Private sector financing also provides access to additional capital for biodiversity-related investments and can have faster feedback loops such as quarterly reporting and regular redemption periods that offer investors the opportunity to pull their money out of an investment fund. This drives accountability in capital allocation.

What’s more, the depth and speed of private capital markets is critical to efforts to protect Earth’s biodiversity, as trillions of dollars will be needed over the next decade. 

Fortunately, there is precedent for mobilizing private capital markets to address sustainability challenges. Investors have been asking corporations to report on  their greenhouse gas (GHG) emissions for decades — now, 71 percent of S&P 500 companies disclose them. An entire “carbon accounting” industry has developed around helping corporations, governments and other organizations measure and report carbon/GHG emissions — with the carbon accounting software market valued at $15.3 billion for 2023. 

Investors love data, so that’s what’s next for biodiversity. Frameworks and methods for collecting, analyzing, reporting and comparing corporate impacts on biodiversity are being developed and published. Everyone’s attention is on the Taskforce for Nature-related Financial Disclosures, which is supposed to release final recommendations for reporting in September. The framework will lay out how corporations can report and act on nature-related risks. 

Financial institutions are preparing for the avalanche of biodiversity data that will soon be incorporated into their investment analysis. Data providers such as S&P Global Sustainable1 and Nature Alpha are launching new products to help investors track biodiversity-related risks in their portfolios.

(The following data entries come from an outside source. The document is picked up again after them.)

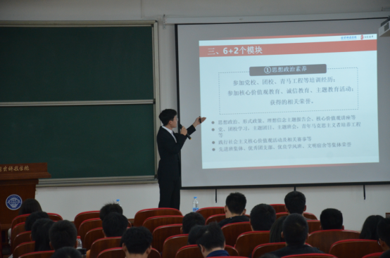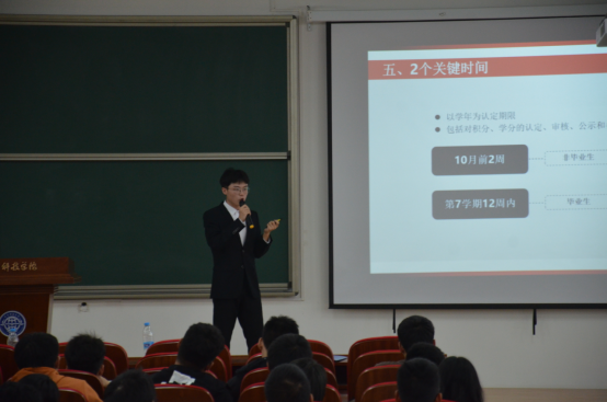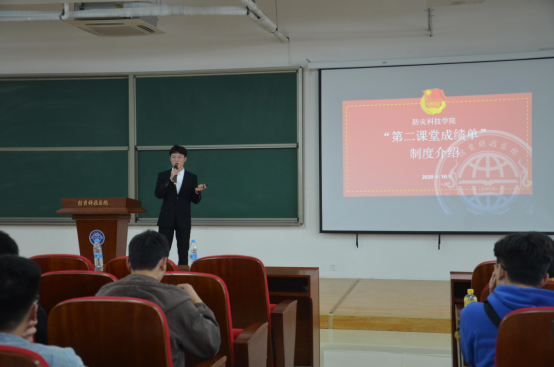 首先,学院“第二课堂”负责人张智涵结合《澳门电子pg游戏官网“第二课堂成绩单”制度实施办法(试行)》从注意事项、组织机构以及模块分值等方面为同学们进行了介绍,并强调了“第二课堂”对学生成长和发展的重要性。
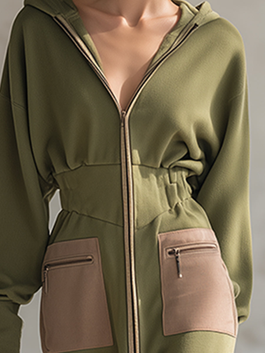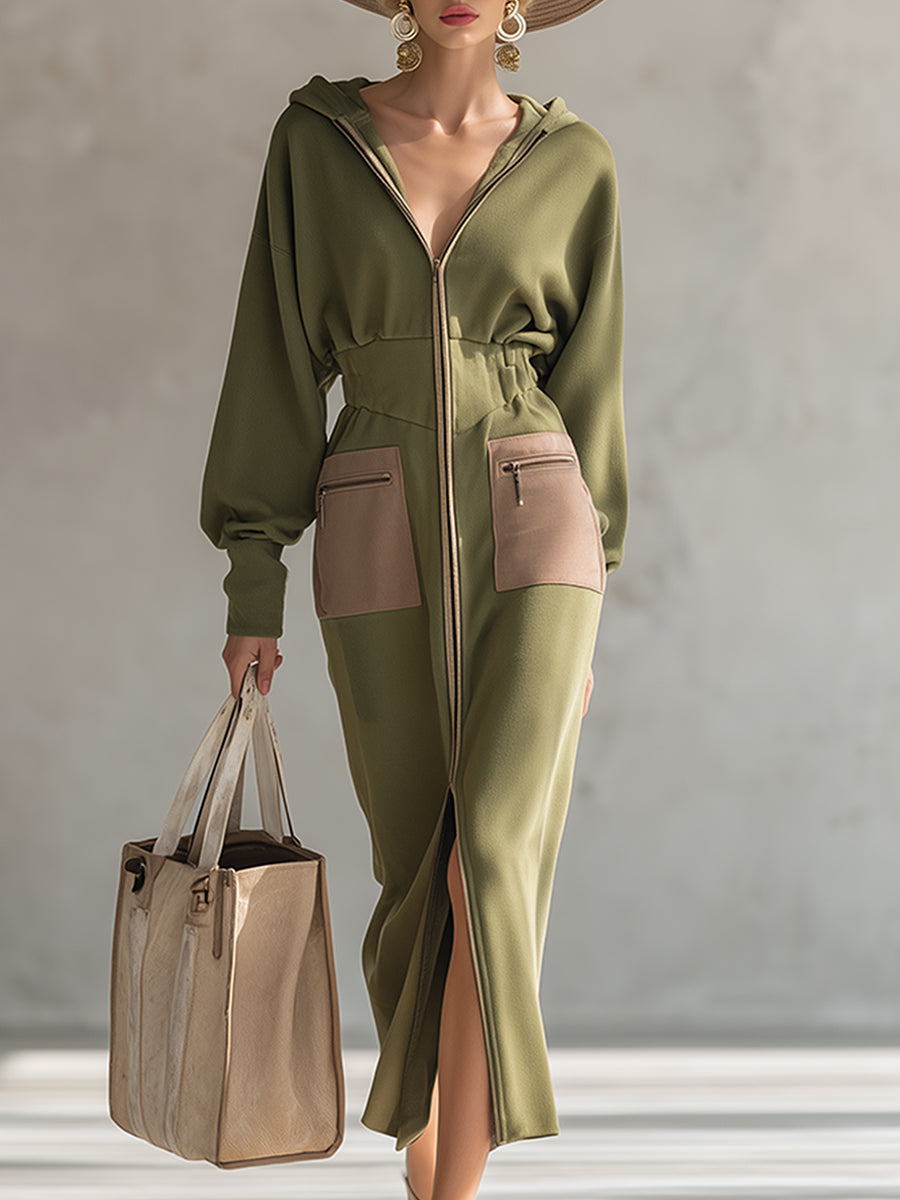 Elegant Olive Green Hooded Narrow Waist Zip-up Sweatshirt Long Sleeve Maxi Dress
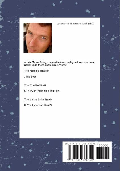 In this trilogy of screenplays we see this, with these intro scenes: (The Hanging Theater), I. The Boat, (The True Romans), II. The General in his F-ing Fort, (The Mansa & the lizard), III. The Lyonesse Lion Pit. MORE
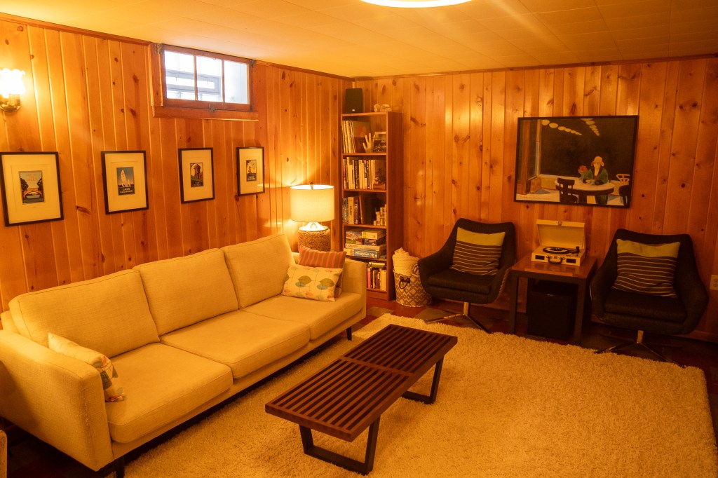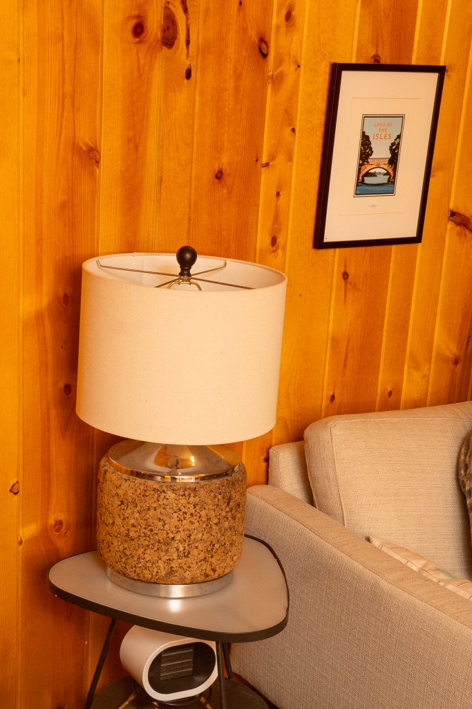 The cork lamps in Dan’s basement are a timeless style, picked up at the thrift store.
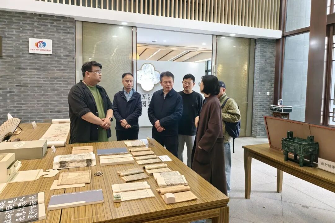 在莫愁中专副校长王燕等校方领导的热情接待下,双方参观了学校省级非物质文化体验中心匠园。匠园内展陈的雕版印刷、古籍装帧、织绣染等教学成果与学生作品,构建出一个充满文化感知的非遗空间。随后,一行人走进非遗创想中心与织绣染空间,近距离观摩云锦织造所用的大花楼织机及精美云锦作品,传统工艺与现代设计的融合令人赞叹。

New tools for monitoring the impact of corporations on biodiversity are definitely needed: A report published last month by Share Action found the majority of asset managers lack engagement and proxy voting policies related to biodiversity. 

It is certainly a good thing to see the private sector starting to recognize the need to act to prevent a biodiversity loss crisis, but doing so will require a lot more than a handful of biodiversity themed investments funds collectively managing $1 billion. We need the global economy to value biodiversity as if its life depends on it.